A 120 g mass has a velocity `vecv=2hati+5hatj m s^(-1)` at a certain instant. Its kinetic energy is

To find the kinetic energy of the mass, we can follow these steps: ### Step 1: Convert the mass from grams to kilograms The mass given is 120 g.
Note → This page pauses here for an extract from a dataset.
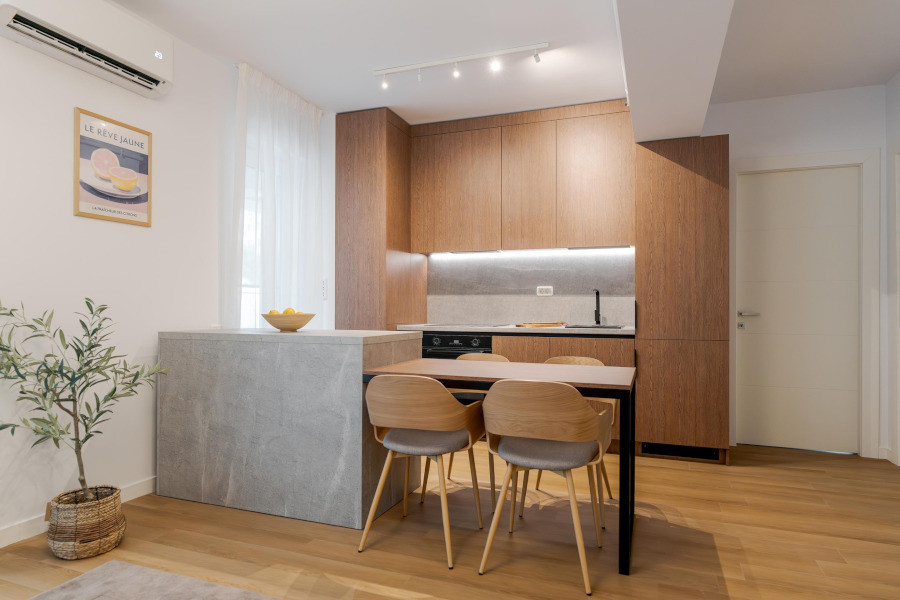 Dacă pentru insula de bucătărie puteai apela la produse pe stoc, gata fabricate, peninsula de bucătărie complică un pic lucrurile: presupune mobilier pe comandă, pentru a nimeri dimensiunile și forma potrivite cu bucătăria de acasă. În schimb, aduce un plus (de fapt, mai multe) în ce privește personalizarea.

To convert grams to kilograms, we use the conversion factor \(1 \text{ kg} = 1000 \text{ g}\). \[ m = \frac{120 \text{ g}}{1000} = 0.12 \text{ kg} \] ### Step 2: Determine the velocity vector The velocity vector is given as: \[ \vec{v} = 2\hat{i} + 5\hat{j} \text{ m/s} \] ### Step 3: Calculate the magnitude of the velocity The magnitude of the velocity vector can be calculated using the formula: \[ |\vec{v}| = \sqrt{(v_x)^2 + (v_y)^2} \] where \(v_x = 2\) m/s and \(v_y = 5\) m/s. \[ |\vec{v}| = \sqrt{(2)^2 + (5)^2} = \sqrt{4 + 25} = \sqrt{29} \text{ m/s} \] ### Step 4: Use the kinetic energy formula The kinetic energy (KE) can be calculated using the formula: \[ KE = \frac{1}{2} m v^2 \] ### Step 5: Substitute the values into the kinetic energy formula Now, substitute the mass and the square of the magnitude of the velocity into the kinetic energy formula: \[ KE = \frac{1}{2} \times 0.12 \text{ kg} \times (\sqrt{29})^2 \] Since \((\sqrt{29})^2 = 29\): \[ KE = \frac{1}{2} \times 0.12 \text{ kg} \times 29 \] ### Step 6: Calculate the kinetic energy Now, calculate the value: \[ KE = 0.06 \times 29 = 1.74 \text{ J} \] ### Final Answer The kinetic energy of the mass is: \[ KE = 1.74 \text{ J} \] ---